**Task requirements**
Repeat only the lines below that run from the line with "De acordo com" to the line with "- Exceptional Features", ends included; skip every picture.

**Supplied material**
%%

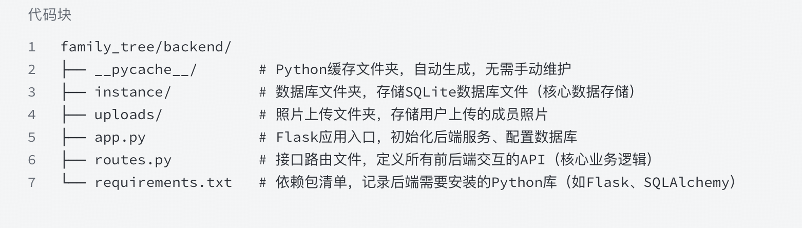 后端目录完全围绕「业务逻辑 + 数据存储」设计,routes.py是核心,所有产品功能(添加成员、上传照片、登录)都对应这里的 API 接口;instance存储核心族谱数据,uploads存储照片,确保数据安全。
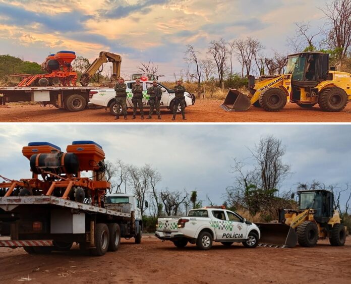 De acordo com o apurado, a equipe recebeu informações sobre o possível paradeiro do equipamento avaliado em aproximadamente R$ 400 mil. De imediato, os policiais iniciaram diligências em área de mata, identificando rastros compatíveis com o deslocamento de maquinário pesado.
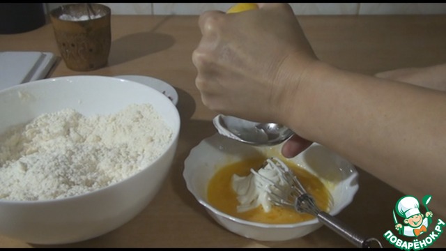В отдельной мисочке смешаем венчиком яйцо с сахаром, добавим сметану, лимонный сок, размешаем. Добавляем это всё к муке с маслом и быстро замешиваем тесто. Долго вымешивать не нужно, собираем в комок и достаточно.
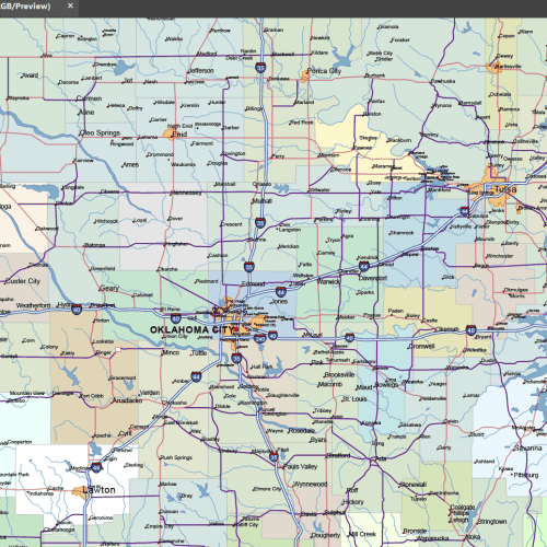 Oklahoma Road and City Map displays a wide range of features, including major roads, cities, and larger settlements. Rivers, lakes. AI, PDF
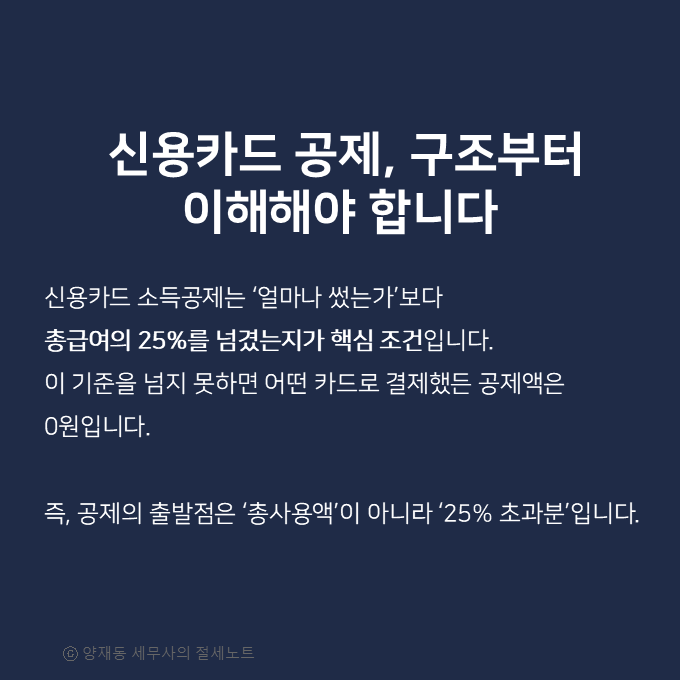 신용카드 공제는 총급여의 25%를 기준금액으로 설정합니다.
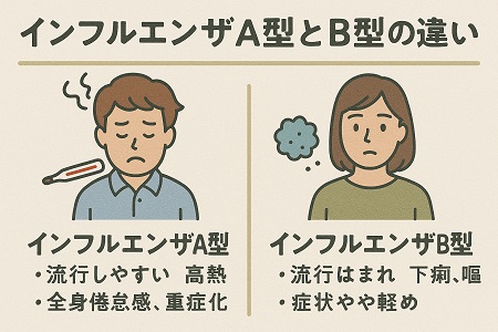 インフルエンザA型は動物にも人にも感染します。A型はインフルエンザウイルスが変異しやすいのが特徴です。インフルエンザB型はヒトにしか感染しません。インフルエンザA型は高熱や全身倦怠感、筋肉痛が強く、重症化しやすく、急激に症状が現れる傾向があります。インフルエンザB型は消化器系の症状(下痢、嘔吐)が出ることが特徴でA型に比べて症状がやや軽めの方が多いです。
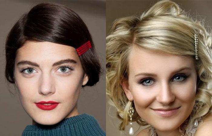 Заколки позволят спрятать челку, гармоничной станет укладка при условии аккуратного, пропорционального лба.
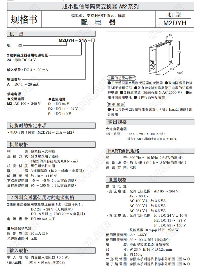 M2DYH,M2DYH-24A-M2,M2DYH-24A-R,M2DYH-24A-R2,M2DYH-24A-P,配电器(模拟 型、支持HART通讯、隔离)
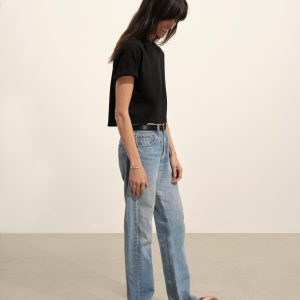 Cut from a heavyweight 310 GSM cotton, this slightly oversized, boxy crewneck tee has a straight hemline that hits right at your natural waist. Double-washed for a soft, smooth texture and consistent fit.
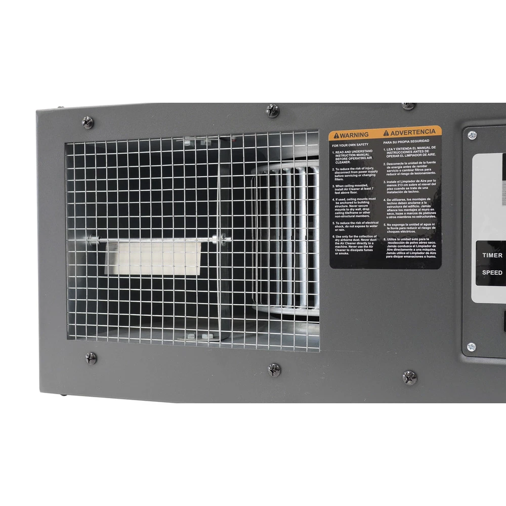 - Exceptional Features Include: Indicator monitors and alerts when filter is dirty ensuring optimal air cleaner performance. 1 outer washable electrostatic filter. 3 Speed Operation (540, 730, 1200 CFM). Recycles all of the air in a 20 ft. x 20 ft. x 8 ft. space up to 22 times/hour at highest speed setting. Remote Control offers convenience for on/off, speed adjustment and timer programming when unit is mounted on the ceiling or in hard-to-reach areas.
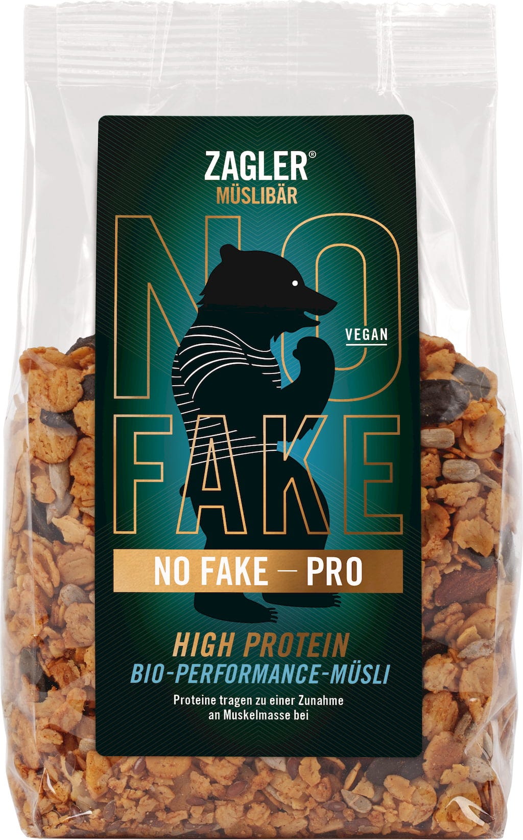 Хрупкавото и веган био NO FAKE PRO High Protein мюсли на Zagler Müslibär съдържа соеви люспи вместо зърнени култури и допълнително е без палмова мазнина, както и без цвеклова и тръстикова захар. Подсладено е с агаве сироп. Бадеми, слънчогледови и тиквени семки осигуряват приятно ядков вкус.
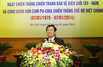 Thay mặt lãnh đạo Đảng, Nhà nước, tôi nhiệt liệt chào mừng các đồng chí Lãnh đạo, nguyên Lãnh đạo Đảng, Nhà nước, Mặt trận Tổ quốc Việt Nam, đại diện các cơ quan Trung ương và địa phương, đại diện các gia đình thương binh, liệt sỹ, các đồng chí cựu chuyên gia, cựu Quân tình nguyện Việt Nam đã tới dự Lễ Mít tinh trọng thể kỷ niệm 35 năm Ngày Chiến thắng chiến tranh bảo vệ biên giới Tây-Nam, góp phần cùng quân và dân Campuchia Chiến thắng chế độ diệt chủng (07/01/1979 – 07/01/2014).

%%

**Result of this exercise**
 De acordo com o apurado, a equipe recebeu informações sobre o possível paradeiro do equipamento avaliado em aproximadamente R$ 400 mil. De imediato, os policiais iniciaram diligências em área de mata, identificando rastros compatíveis com o deslocamento de maquinário pesado.
В отдельной мисочке смешаем венчиком яйцо с сахаром, добавим сметану, лимонный сок, размешаем. Добавляем это всё к муке с маслом и быстро замешиваем тесто. Долго вымешивать не нужно, собираем в комок и достаточно.
 Oklahoma Road and City Map displays a wide range of features, including major roads, cities, and larger settlements. Rivers, lakes. AI, PDF
 신용카드 공제는 총급여의 25%를 기준금액으로 설정합니다.
 インフルエンザA型は動物にも人にも感染します。A型はインフルエンザウイルスが変異しやすいのが特徴です。インフルエンザB型はヒトにしか感染しません。インフルエンザA型は高熱や全身倦怠感、筋肉痛が強く、重症化しやすく、急激に症状が現れる傾向があります。インフルエンザB型は消化器系の症状(下痢、嘔吐)が出ることが特徴でA型に比べて症状がやや軽めの方が多いです。
 Заколки позволят спрятать челку, гармоничной станет укладка при условии аккуратного, пропорционального лба.
 M2DYH,M2DYH-24A-M2,M2DYH-24A-R,M2DYH-24A-R2,M2DYH-24A-P,配电器(模拟 型、支持HART通讯、隔离)
 Cut from a heavyweight 310 GSM cotton, this slightly oversized, boxy crewneck tee has a straight hemline that hits right at your natural waist. Double-washed for a soft, smooth texture and consistent fit.
 - Exceptional Features Include: Indicator monitors and alerts when filter is dirty ensuring optimal air cleaner performance. 1 outer washable electrostatic filter. 3 Speed Operation (540, 730, 1200 CFM). Recycles all of the air in a 20 ft. x 20 ft. x 8 ft. space up to 22 times/hour at highest speed setting. Remote Control offers convenience for on/off, speed adjustment and timer programming when unit is mounted on the ceiling or in hard-to-reach areas.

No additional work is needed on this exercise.